On July 23rd, 2012, the Genome Sequencing and Analysis (GSA) team will release a beta of GATK 2.0. GATK 2.0 includes all of the original GATK 1.x tools as well as many newer and more advanced tools for error modeling, data compression, and variant calling:
The complete GATK 2.0 suite will be distributed as a binary only, without source code for the newest tools. We plan to release the source code for these tools, but its unclear the timeframe for this. The GATK engine and programming libraries will remain open-sourced under the MIT license, as they currently are for GATK 1.0. The current GATK 1.0 tool chain, now called GATK-lite, will remain open-source under the MIT license and distributed as a companion binary to the full GATK binary. GATK-lite includes the original base quality score recalibrator (BQSR), indel realigner, unified genotyper v1, and VQSR v2.
The GATK 2.0 tools are under active development but they have matured to the point that non-Broad academics and researchers are welcome to use them. We appreciate feedback on their use, both successes and failures.
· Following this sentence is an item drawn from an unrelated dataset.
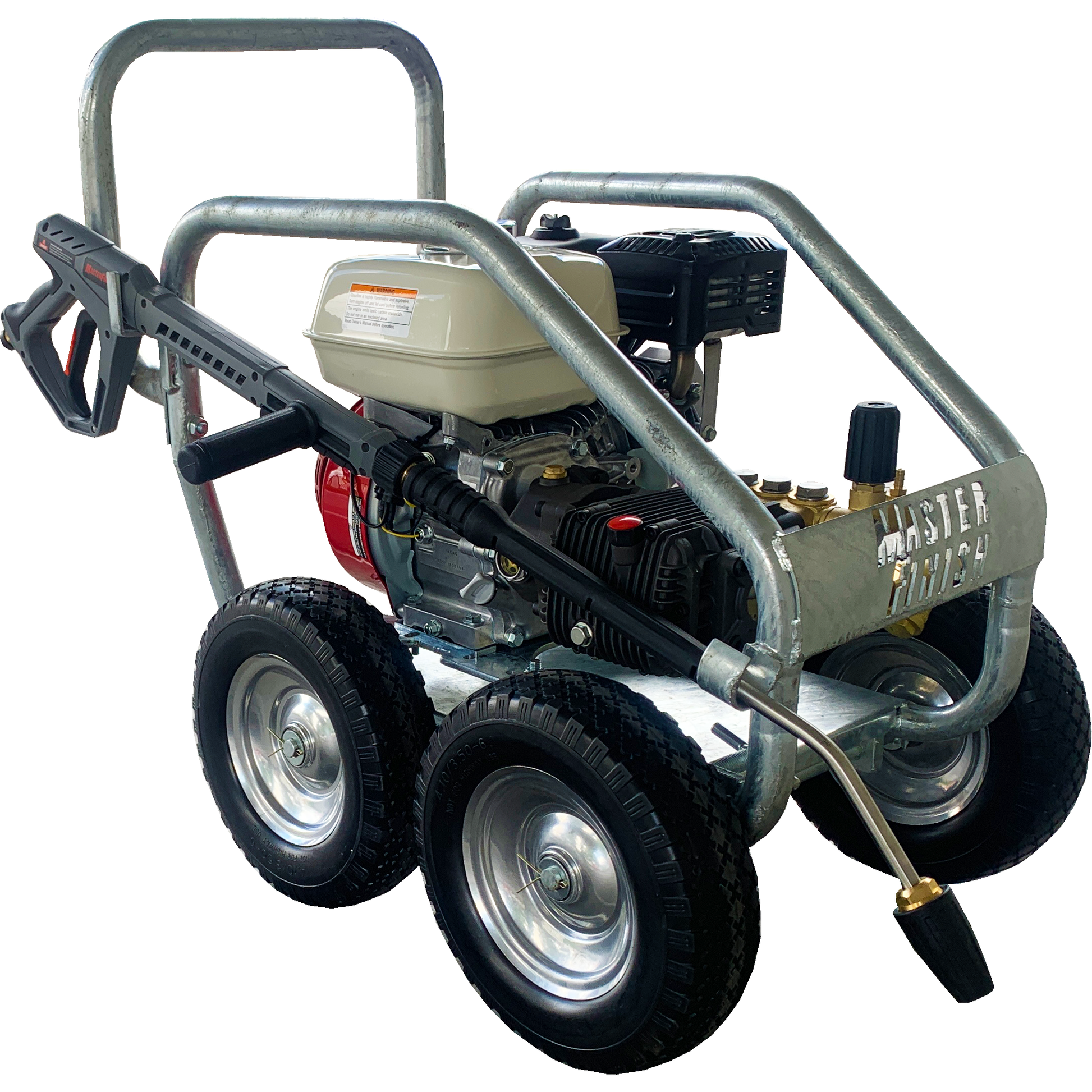 MasterFinish 3000 psi petrol powered pressure washer. Reduction triplex pump with NSK bearings, brass head, ceramic pistons, and stainless steel valves. Mounted in a galvanised steel frame. Powered by a genuine Honda GX200 4-stroke engine. Gear driven pump with thermal overload protection. 10 m non-marking hose with easy trigger gun, stainless steel lance with turbo nozzle, and spare lance with 15 degree nozzle.

Please be aware that the GATK 2.0 tool chain may be unstable, slow, not scalable, poorly documented, or not interact seamlessly among each other or with other tools in the suite, so could require more effort from users. With these caveats, these tools provide radically improved calling sensitivity, specificity, and performance, so are worth the exposure as beta software.
GATK 2.0 is being released under a software license that permits non-commercial research use only. Until the beta ends and the full GATK 2.0 suite is officially launched, commercial activities should use the unrestricted GATK-lite version.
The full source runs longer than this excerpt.